This is one of the advantages of the present invention over a
conventional solar backsheet with polymeric substrate.
[0075] The reflection layer can be applied to the glass substrate
before or after glass tempering by aerodynamic heating.
[0076] (3) Buffer Layer
[0077] Above the reflection layer is a buffer layer. The buffer
layer functions as a spacer between the reflection layer and the
encapsulant layer to avoid defects due to undesired reaction (for
example, when the encapsulant layer is made of EVA and the
reflection layer is a metal foil, the acetic acid in the
encapsulant layer might react with the metal and generate
acetates). Accordingly, the buffer layer must be made of a material
that is inert to both the encapsulant layer and the reflection
layer.
[0078] To allow the light rays reflected from the reflection layer
to advance to the encapsulant layer, the buffer layer should have a
refractive index between that of the reflection layer and
encapsulant layer (as shown in FIG. 2). Specifically, the buffer
layer should have a refractive index of 1.4 to 2.0, preferably 1.48
to 1.9.
[0079] Accordingly, suitable materials for the buffer layer
include, but are not limited to, SiO.sub.2, SiN.sub.x,
Al.sub.2O.sub.3, MoO.sub.3, WO.sub.3, MnO.sub.2, ZnO or
SnO.sub.2.
[0080] The thickness of the buffer layer is not particularly
limited. Generally, 20 nm to 200 nm is appropriate and 50 nm to 100
nm is preferred.
[0081] The buffer layer can be attached to the reflection layer by
any suitable methods, for example, chemical vapor deposition or
coating. Normally, a relatively thin and good quality film can be
obtained by chemical vapor deposition.
[0082] (4) Encapsulant Layer
[0083] An encapsulant layer mainly serves to fix the photovoltaic
devices in a solar panel. An encapsulant layer also provides
physical (e.g., impact or moisture) protection to the photovoltaic
devices. The encapsulant layer of the present invention can be any
suitable materials known in the art, for example, EVA.
[0084] EVA, which is the most common encapsulant material for solar
panels, is a thermoset resin. EVA is an ideal material for
encapsulant due to its good transmittance, resistance to high and
low temperature and moisture, and weatherability as well as its
satisfactory elasticity, impact resistance and heat dissipation and
good adhesion to metals, glass and plastics. EVA has a refractive
index of 1.4 to 1.5, normally 1.48. A common EVA layer has a
thickness of about 0.4 cm to 0.6 cm, preferably 0.45 cm.

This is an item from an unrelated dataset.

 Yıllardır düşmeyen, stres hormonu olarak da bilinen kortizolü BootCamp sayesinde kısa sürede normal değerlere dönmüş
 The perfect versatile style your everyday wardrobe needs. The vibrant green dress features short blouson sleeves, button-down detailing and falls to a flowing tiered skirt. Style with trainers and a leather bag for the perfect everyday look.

[0085] The encapsulant layer of the present invention can be
adhered to the buffer layer by any suitable methods. When EVA is
used, it can be adhered to other materials by heat-lamination.

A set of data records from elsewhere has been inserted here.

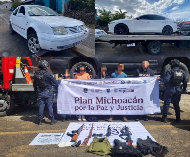 Morelos, Michoacán, 9 de abril de 2026.- Como parte de las acciones del Plan Michoacán por la Paz y la Justicia, elementos de la Secretaría de Seguridad Pública (SSP) detuvieron a cinco personas que presuntamente portaban armas de fuego y sustancias ilícitas en el municipio de Morelos.
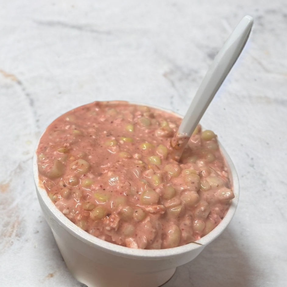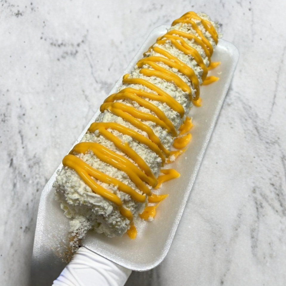 Elote desgranado en vaso con crema, queso cotija, mayonesa y queso amarillo.
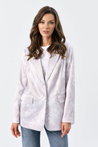 Эффектный жакет из текстильной ткани станет отличным дополнением вашего гардероба. Жакет женский удлиненный, полуприлегающего силуэта с центральной бортовой застежкой на пуговицу, на подкладке. Перед жакета с боковыми рельефными швами от проймы до низа изделия. Воротник отложной пиджачного типа. Перед с прорезными карманами и клапаном. Рукав длинный, втачной, двух шовный. По низу рукава шлица и потайная застежка-обманка на 3 пуговицы. Спинка с боковыми рельефными швами от линии проймы до линии низа и со средним швом.
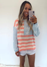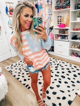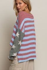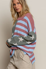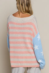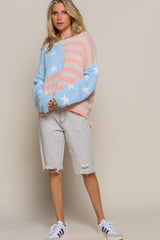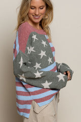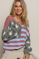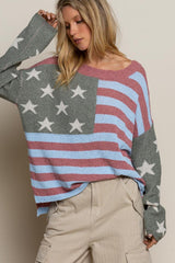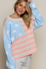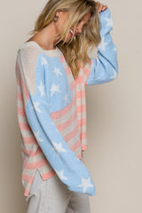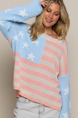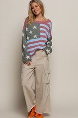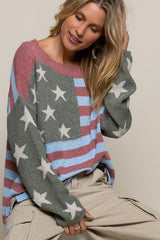 God Bless America Sweater features an oversized fit and a faded flag print. Size down for a less oversized look.

[0086] (5) Heat Dissipation Layer
[0087] Currently, solar cells achieve conversion efficiency of only
10% to 20%. Most photo energy is converted to waste heat and
accumulated in the solar panel, which could cause failure. As the
cover plate faces the sun and is correspondingly hotter, heat
energy must be removed from the backside of the solar panel.
Accordingly, heat dissipation capacity becomes an important
attribute of a solar backsheet.
[0088] As the solar backsheet of present invention employs glass as
the substrate, materials with high heat transfer rate, for example,
metals including copper and aluminum, or other materials including
AlN, SiN and SiC, can be directly coated or deposited on its outer
surface.
[0089] It should be understood that the descriptions in the
specification and drawings are for illustrating the present
invention only, not for limiting the scope of the invention, and
any alternative or equivalent arrangements that can be easily
performed by persons skilled in the art all would fall within the
scope of the present invention.
EXAMPLE 1
[0090] Preparation of physical tempered glass of the present
invention
[0091] A large piece of annealed glass was cut into a size of 2 m
in length, 1 m in width and 2 mm in thickness, subject to edge
grinding, drilled at certain positions for junction box
installation, cut into a desired shape, and then delivered to
LiSEC's flatbed tempering furnace (manufactured by LiSEC Company)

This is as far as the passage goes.